Dans la recommandation 1 figurant dans son rapport du 5 septembre 2017, la Commission de gestion du Conseil national (CdG-N) demandait au Conseil fédéral que les moyens techniques utilisés dans le cadre du comptage électronique des voix soient soumis à des concepts d’exploitation, lesquels seraient contrôlés périodiquement. Dans son avis du 1er décembre 2017, le Conseil fédéral avait indiqué être prêt à mettre en œuvre cette recommandation; il prévoyait que les exigences relatives aux concepts d’exploitation seraient définies par la Chancellerie fédérale, mais contrôlées par un organe de rang supérieur. La CdG-N juge inappropriée cette répartition des tâches entre l’instance d’autorisation et celle qui édicte les exigences applicables aux concepts d’exploitation, car il faudrait alors se demander notamment dans quelle mesure le Conseil fédéral satisfait à l’obligation que lui impose l’art. 84, al. 2, de la loi fédérale sur les droits politiques (LDP), à savoir que «l’utilisation de moyens techniques lors des scrutins est soumise à l’autorisation du Conseil fédéral». En outre, la commission ne comprend pas pourquoi un rôle de premier plan n’est pas attribué au Conseil fédéral, ainsi que le prévoit l’art. 84, al. 2, LDP.
De plus, la commission maintient les recommandations 2 et 3 contenues dans le rapport. Le Conseil fédéral doit notamment s’assurer que les concepts d’exploitation prévoient un échantillonnage de données statistiquement significatives, relevées de manière aléatoire et indépendante, en fonction duquel il sera possible de vérifier la fiabilité du résultat final du décompte.
La CdG-N se félicite de la volonté témoignée par le Conseil fédéral de rechercher le dialogue avec les cantons et de les associer à la mise en œuvre des recommandations conformément à la répartition des compétences en vigueur. Le Conseil fédéral est invité à prendre position au sujet du
rapport succinct d’ici au 25 mai 2018.
Fin des investigations concernant la question des requérants d’asile en provenance d’Erythrée
Dans un autre rapport publié également aujourd’hui, la CdG-N conclut que le Secrétariat d’Etat aux migrations (SEM) accomplit un travail de qualité s’agissant de la question des requérants d’asile en provenance d’Erythrée et qu’il n’y a pas lieu, pour l’instant, d’intervenir du point de vue de la haute surveillance parlementaire.

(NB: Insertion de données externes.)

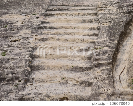 Sunlit aged limestone steps featuring deep grooves and scattered moss in archaeological ruins

La commission a commencé d’examiner le dossier au début de l’année 2016, après avoir constaté qu’il suscitait de vives réactions au sein de l’opinion publique. Les conclusions publiées dans le rapport se fondent, d’une part, sur divers rapports du SEM et du Bureau européen d’appui en matière d’asile et, d’autre part, sur des auditions de représentants du SEM et du Secrétariat d’Etat du Département fédéral des affaires étrangères.
Outre les derniers développements concernant la situation en Erythrée et ses conséquences pour la Suisse (nombre de demandes d’asile, durcissement de la politique d’asile), le rapport traite en particulier des voyages en Erythrée effectués par les demandeurs d’asile de ce pays. Sur ce dernier sujet précisément, les avis et les déclarations des représentants du SEM sont concluants et compréhensibles pour la commission.Il convient notamment de souligner que de nombreux Erythréens, vivant en Suisse depuis des années, ont été naturalisés ou sont en possession d’un permis C et peuvent donc voyager en Erythrée.
Même si elle ne voitaucune nécessité d’intervenir pour le moment au niveau de la haute surveillance, la CdG-N invite le SEM à poursuivre son suivi étroit de la situation en Erythrée et à adapter en conséquence la pratique en matière d’asile. Elle a décidé, à sa séance du 23 mars 2018, de mettre un terme provisoire à ses investigations.
La commission a siégé le 23 mars 2018, sous la présidence de la conseillère nationale Doris Fiala (PLR/ZH).